I decided then to do what I’d been wanting to do for months now, even though it will undoubtedly make some people try mad and think I’m being an opportunist. It’s damned if you do, damned if you don’t. Raise them, and you’re taking advantage if people, lower them, and you’re an opportunist. What my plan is will probably result in a net loss for me, but eh.
Regardless of what’s happening in the world, we all need reasons to be happy and to have something to look forward to. (Don’t even start on “but people are dying”–unless you know the extent and severity and length of my medical history, you have less than no room to lecture me on this.

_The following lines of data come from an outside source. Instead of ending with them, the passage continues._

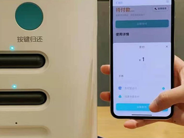 2、将充电宝插入卡槽,确认充电宝锁住后即完成归还,再打开客户端支付租金即可。
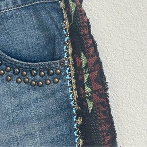 Features bronze-tone studs at the front pockets, raw hem, and a unique multicolor woven and beaded side panel.
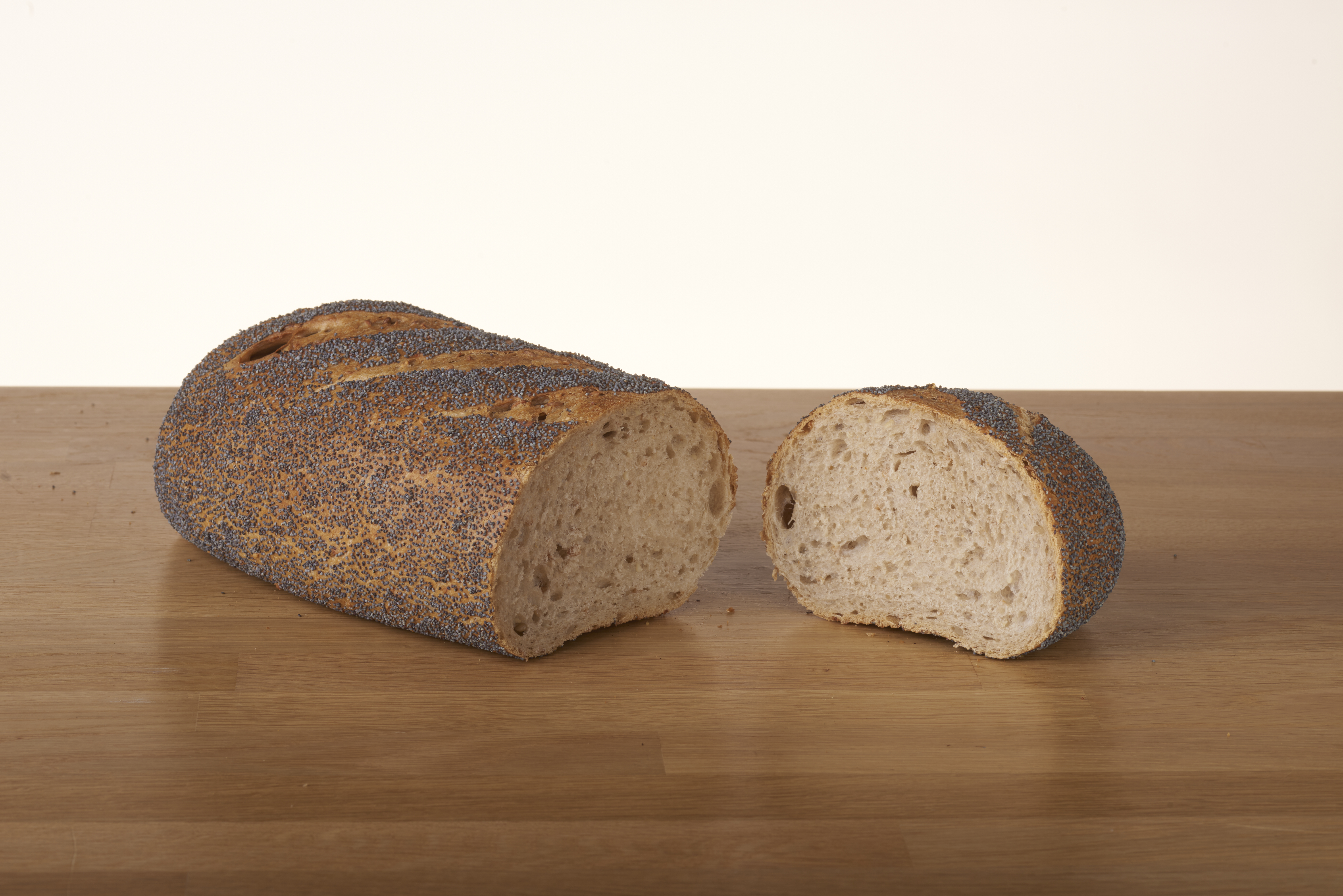 traditionelt bagt brød med surdej. med ristede sesam, solsikkekerne og hvedeflager. Blåbirkes på toppen.
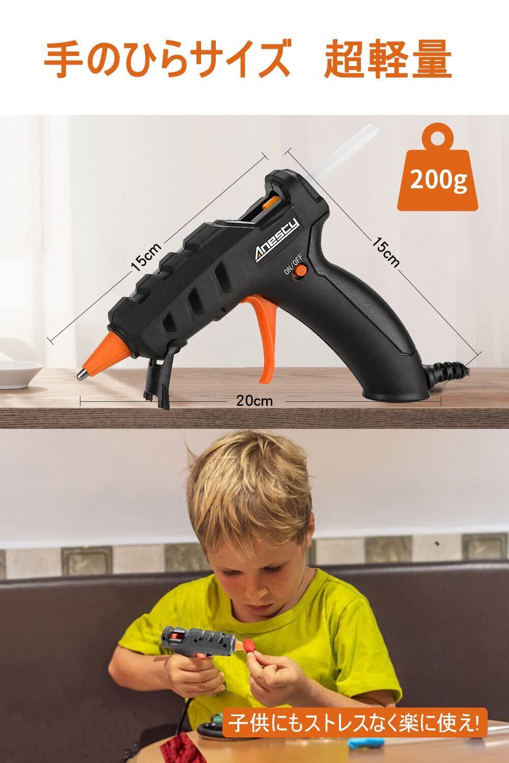 使いやすいデザイン: Anestyグルーガンは、小型で軽量であり、握りやすく、子供でも簡単に使用できます。ノズルは細く、狭い場所でも届けることができ、トリガーでグルーの量を調節できます。スタンドが付属しているため、作業中にグルーガンを置くことができます。
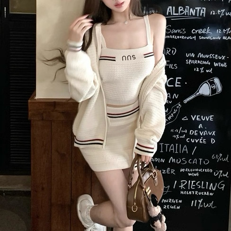 ミニ ミニ丈 ショート丈 上品 セクシー 3点セット 長袖 タイト ハイウエスト スカート カーディガン
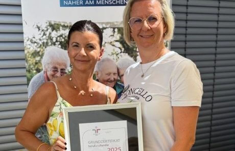 Wir danken allen Mitarbeiterinnen und Mitarbeitern, die diesen Weg mittragen und mitgestalten. Gemeinsam schaffen wir ein Arbeitsumfeld, in dem Beruf und Privatleben gut miteinander vereinbar sind – zum Wohle unseres Teams und letztlich auch unserer Bewohnerinnen und Bewohner.
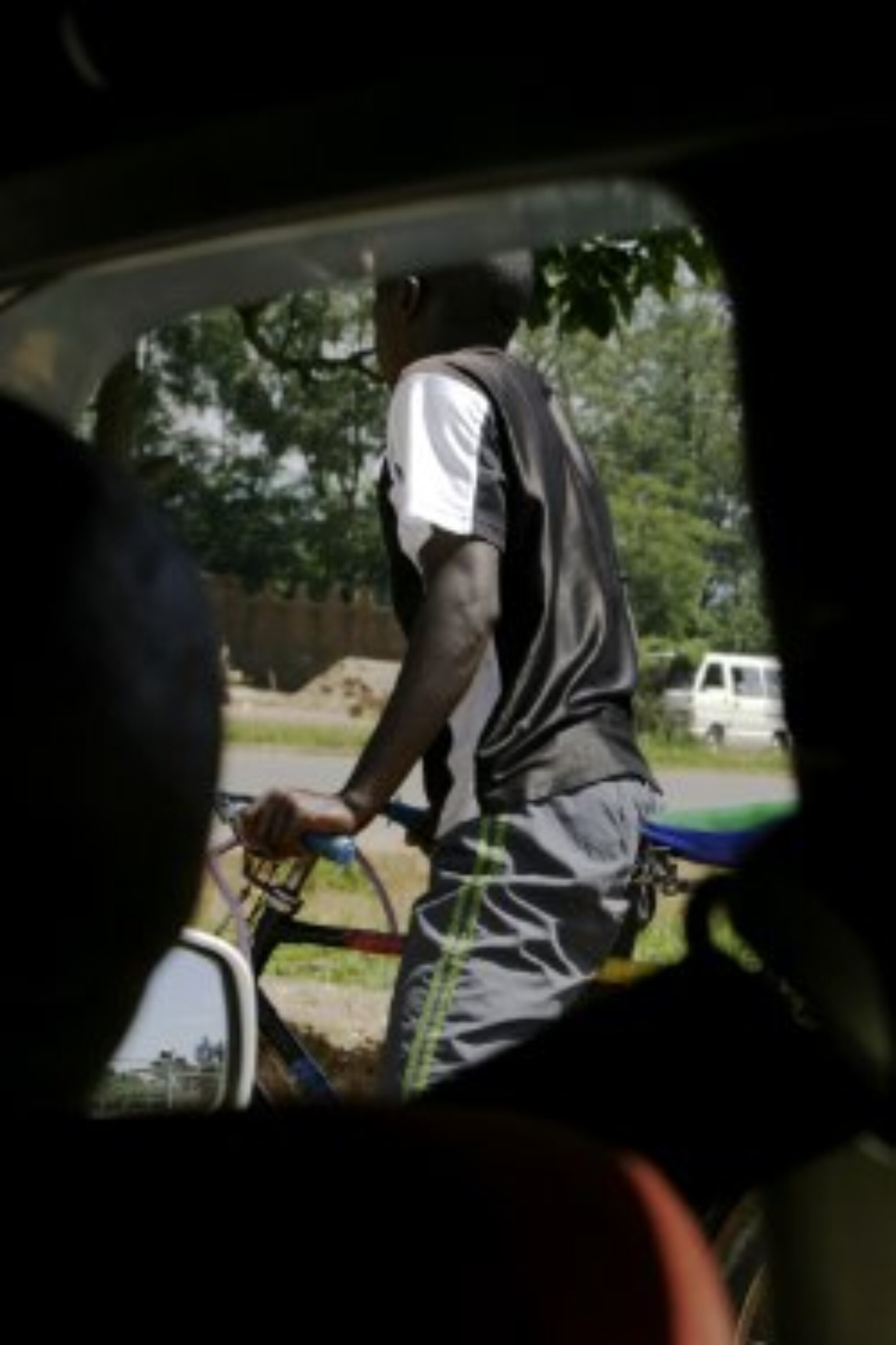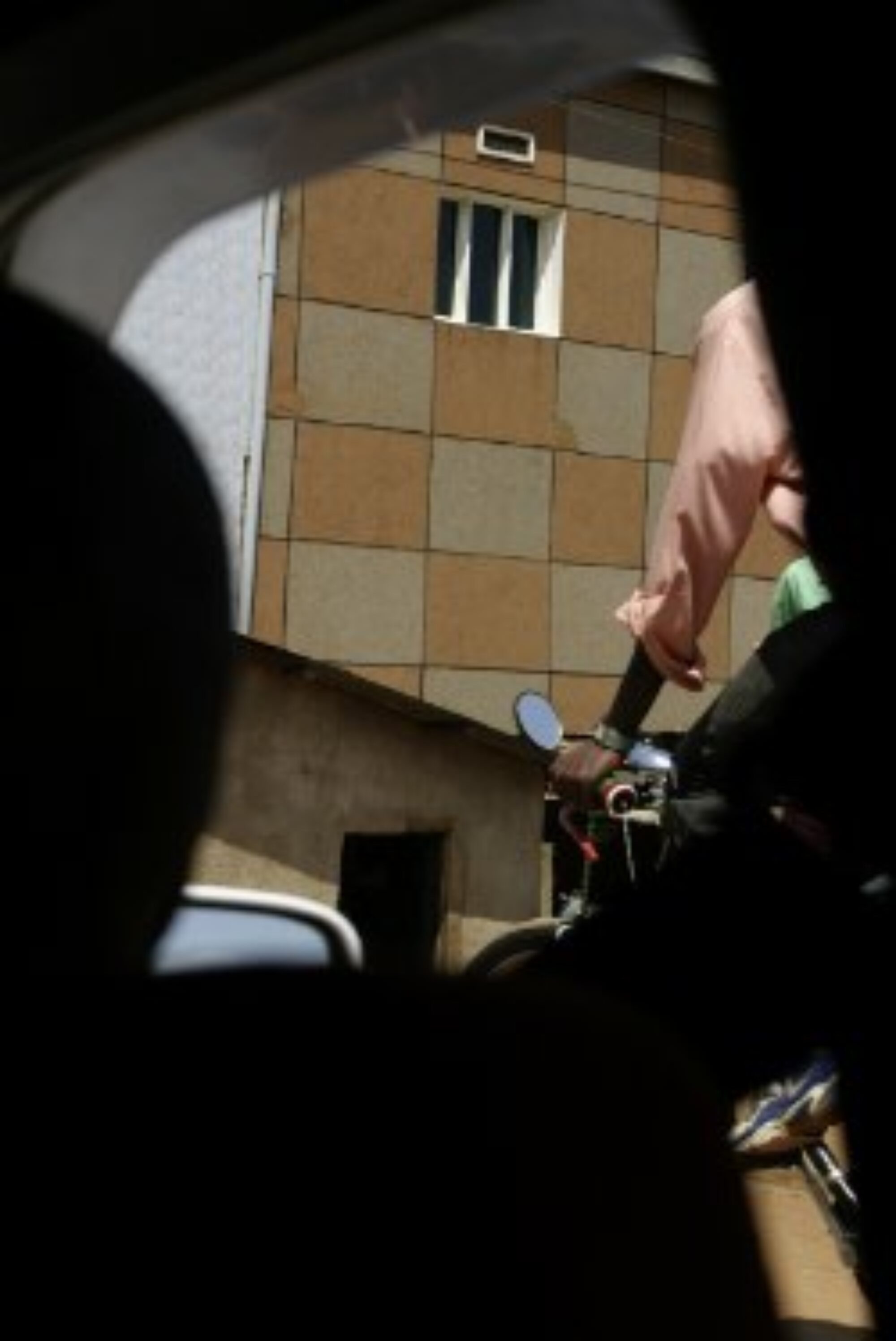 Jean-Luc Cramatte s’intéresse avant tout à l’infini détail (en cela il rejoint le travail d’inventaire de «Policliniques Series») et sa vision de l’Afrique est forcément un peu décalée. Le photographe s’interroge: comment aborder l’Afrique? Jean-Luc Cramatte observe les ambiguïtés du paysage ainsi que des regards de ces hommes qui passent devant la fenêtre de son taxi. Dans un premier temps, le thème de l’Afrique apparaît comme secondaire. Il pourrait tout aussi bien s’agir d’un projet sur le design, le graphisme ou l’architecture (un mur entraperçu par la fenêtre du taxi devient un monument).
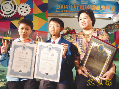 此外,本年度最年輕的得獎者鄭興偉、丘子遨,今年5月成功協助警方捉拿「偷手機賊」而獲好市民獎。當日他們與朋友打籃球之際,發現一名青少年偷去其朋友的手提電話,便立即展開追截。鄭恐防賊人逃脫,於是立刻報警,並成功協助警方拘捕疑犯。鄭、丘二人今年12歲,年紀輕輕卻甚有正義感。「即使被偷去電話的不是我們的朋友,我們都一樣會追。」警察公共關係科每年都會分2期頒發好市民獎,表揚他們的英勇行為。昨日為今年第2期頒獎禮,有40名市民獲獎。警務處行動處長任達榮昨在頒獎禮上致辭時表示,警方獲得市民協助,可以更有效破案,將不法之徒繩之於法。

None.) That’s what helps get is through the rough times, something positive out there in the future to reach for and to pull us through the quagmire. So I’ll be doing that in the way I know how. If that makes some people mad, so be it. For others, it might be the boost needed to look forward with some happiness, and that’s more important than trying to keep some people from getting mad. More people need to get to feel what Charlotte felt today, and I hope to get to make that happen.
So I’m going to write up the new stuff and get it posted by tomorrow.